* [INPUT MATERIAL]

=== Begin Enclosure ===

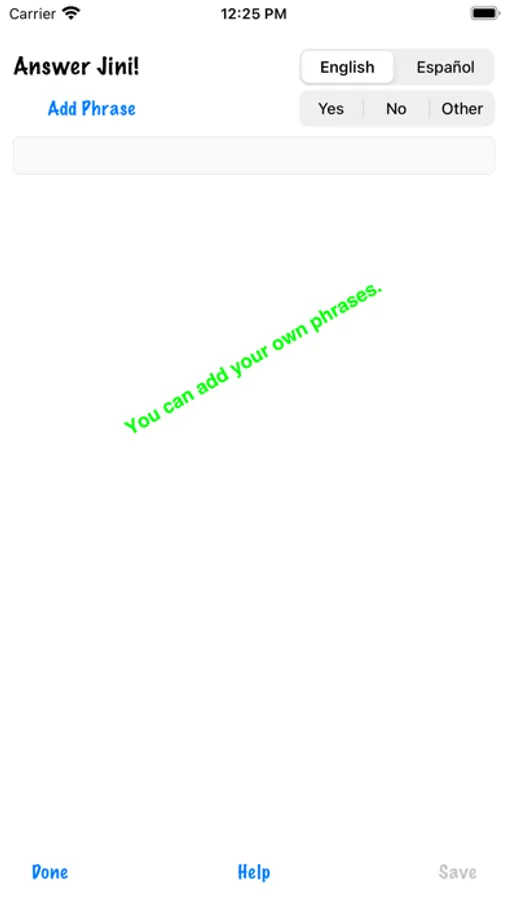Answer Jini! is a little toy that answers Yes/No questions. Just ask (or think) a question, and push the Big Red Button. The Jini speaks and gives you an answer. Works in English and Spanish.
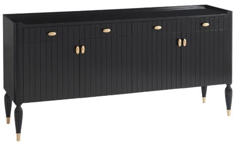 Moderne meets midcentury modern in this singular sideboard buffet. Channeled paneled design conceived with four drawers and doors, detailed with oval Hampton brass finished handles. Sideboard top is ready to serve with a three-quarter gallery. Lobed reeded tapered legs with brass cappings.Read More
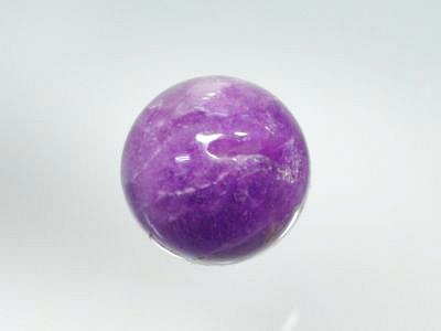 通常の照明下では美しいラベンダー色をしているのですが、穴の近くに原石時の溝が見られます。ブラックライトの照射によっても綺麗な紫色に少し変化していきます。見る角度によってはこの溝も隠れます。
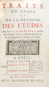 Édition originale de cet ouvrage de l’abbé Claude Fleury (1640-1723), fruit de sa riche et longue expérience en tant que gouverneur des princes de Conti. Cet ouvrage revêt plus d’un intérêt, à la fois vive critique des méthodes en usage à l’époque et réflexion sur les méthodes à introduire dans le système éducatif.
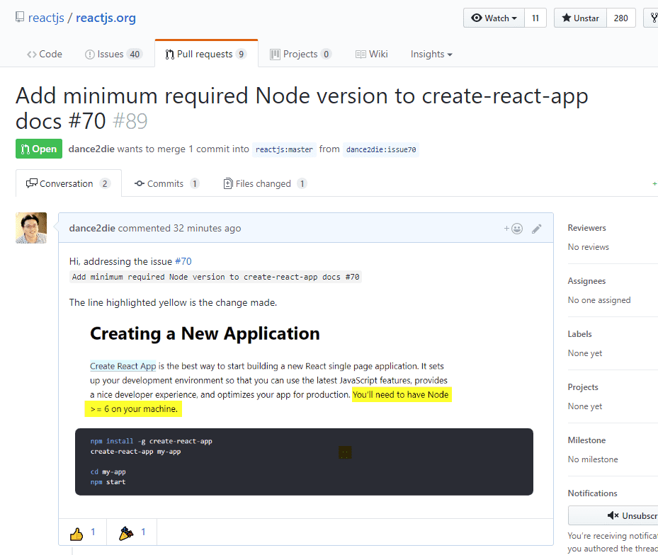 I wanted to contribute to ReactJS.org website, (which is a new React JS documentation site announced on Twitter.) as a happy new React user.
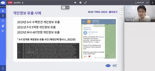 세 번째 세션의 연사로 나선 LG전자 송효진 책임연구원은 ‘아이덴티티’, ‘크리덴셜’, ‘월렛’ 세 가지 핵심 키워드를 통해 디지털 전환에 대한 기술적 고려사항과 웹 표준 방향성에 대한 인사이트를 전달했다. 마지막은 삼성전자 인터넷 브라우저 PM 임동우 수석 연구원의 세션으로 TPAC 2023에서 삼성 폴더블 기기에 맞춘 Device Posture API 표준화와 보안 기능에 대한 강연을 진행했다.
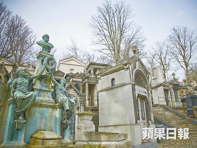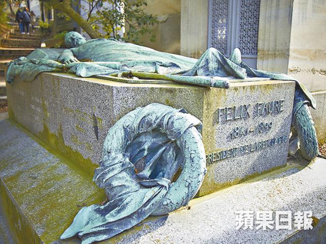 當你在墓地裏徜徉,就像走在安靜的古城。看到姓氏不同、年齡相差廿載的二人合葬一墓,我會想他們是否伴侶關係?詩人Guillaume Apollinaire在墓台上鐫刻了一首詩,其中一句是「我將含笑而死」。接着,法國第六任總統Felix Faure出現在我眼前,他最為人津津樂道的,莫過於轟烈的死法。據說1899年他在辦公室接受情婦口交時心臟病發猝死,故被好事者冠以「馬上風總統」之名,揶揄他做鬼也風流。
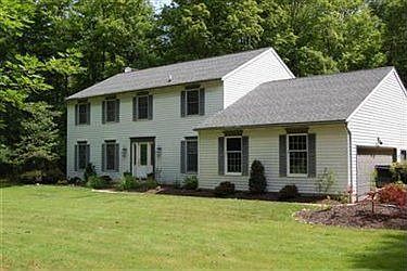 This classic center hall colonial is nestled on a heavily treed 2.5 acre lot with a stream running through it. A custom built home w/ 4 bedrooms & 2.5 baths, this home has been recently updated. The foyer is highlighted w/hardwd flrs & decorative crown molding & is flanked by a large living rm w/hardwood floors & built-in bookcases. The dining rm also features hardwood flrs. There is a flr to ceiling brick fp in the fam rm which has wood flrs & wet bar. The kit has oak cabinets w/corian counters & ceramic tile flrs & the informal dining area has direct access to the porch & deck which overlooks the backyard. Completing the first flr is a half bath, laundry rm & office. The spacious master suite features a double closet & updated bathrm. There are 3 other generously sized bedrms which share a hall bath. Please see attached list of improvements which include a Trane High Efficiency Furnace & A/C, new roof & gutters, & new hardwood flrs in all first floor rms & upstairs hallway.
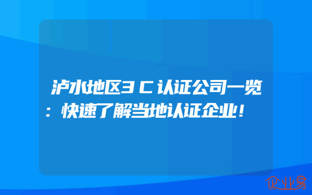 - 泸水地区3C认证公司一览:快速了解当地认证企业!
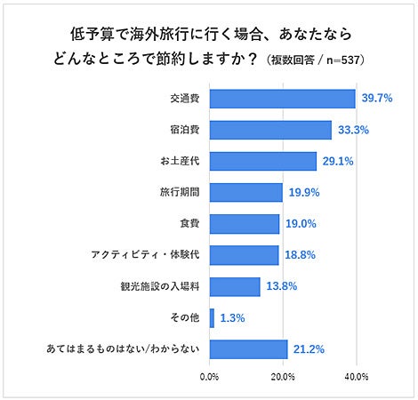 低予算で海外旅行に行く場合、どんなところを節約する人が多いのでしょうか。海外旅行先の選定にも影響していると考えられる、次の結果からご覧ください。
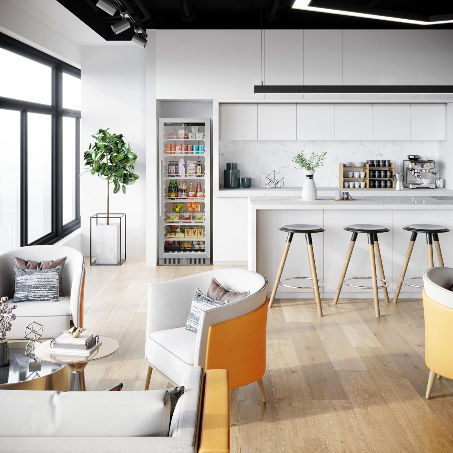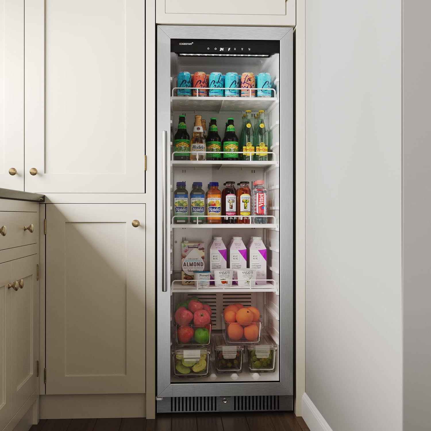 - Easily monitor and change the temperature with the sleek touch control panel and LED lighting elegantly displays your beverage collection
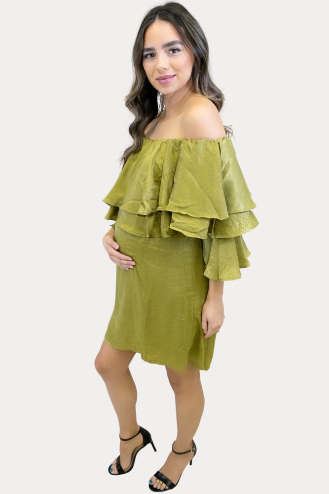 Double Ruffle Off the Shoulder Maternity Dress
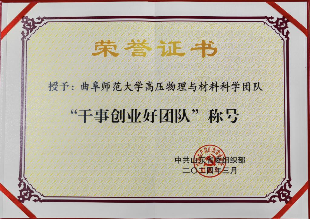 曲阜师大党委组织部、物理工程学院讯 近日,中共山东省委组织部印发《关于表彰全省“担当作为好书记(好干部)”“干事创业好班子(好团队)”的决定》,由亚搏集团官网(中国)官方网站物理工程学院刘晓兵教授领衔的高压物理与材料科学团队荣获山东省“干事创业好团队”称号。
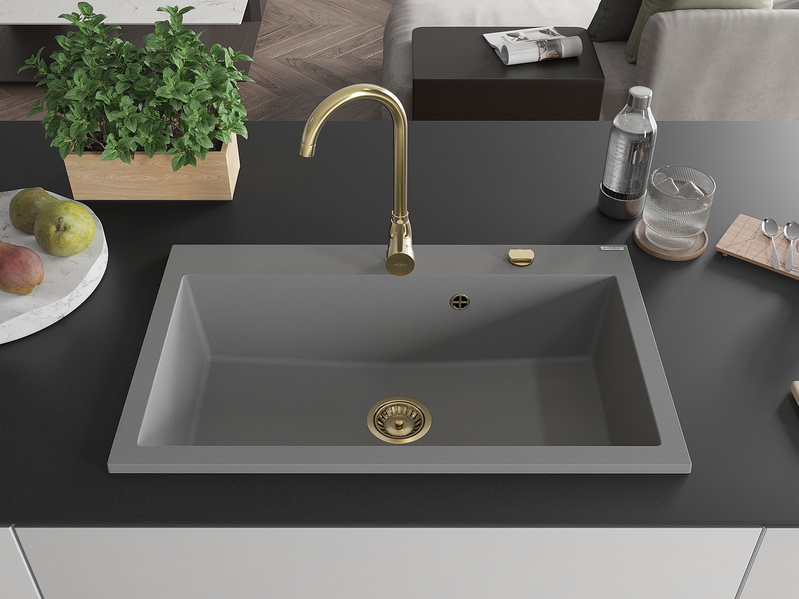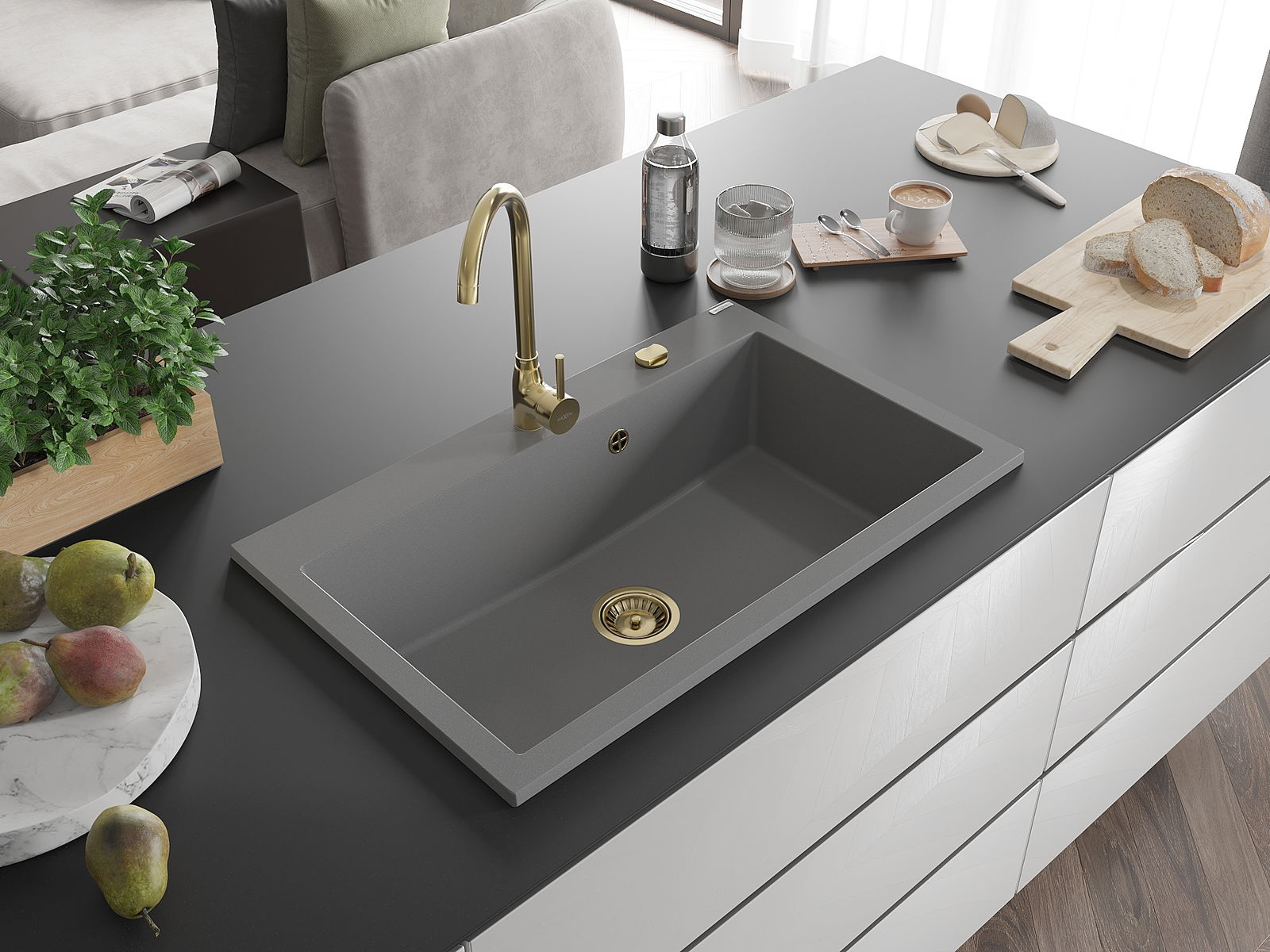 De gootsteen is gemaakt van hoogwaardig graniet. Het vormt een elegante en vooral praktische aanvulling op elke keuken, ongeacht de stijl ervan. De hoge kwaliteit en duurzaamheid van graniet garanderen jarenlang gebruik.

=== End Enclosure ===

* [PROBLEM TO SOLVE] The required output consists only of the lines from the one containing "- Easily monitor" to the last line of the material, reproduced exactly, pictures excluded.

* [TASK RESPONSE]
 - Easily monitor and change the temperature with the sleek touch control panel and LED lighting elegantly displays your beverage collection
 Double Ruffle Off the Shoulder Maternity Dress
 曲阜师大党委组织部、物理工程学院讯 近日,中共山东省委组织部印发《关于表彰全省“担当作为好书记(好干部)”“干事创业好班子(好团队)”的决定》,由亚搏集团官网(中国)官方网站物理工程学院刘晓兵教授领衔的高压物理与材料科学团队荣获山东省“干事创业好团队”称号。
 De gootsteen is gemaakt van hoogwaardig graniet. Het vormt een elegante en vooral praktische aanvulling op elke keuken, ongeacht de stijl ervan. De hoge kwaliteit en duurzaamheid van graniet garanderen jarenlang gebruik.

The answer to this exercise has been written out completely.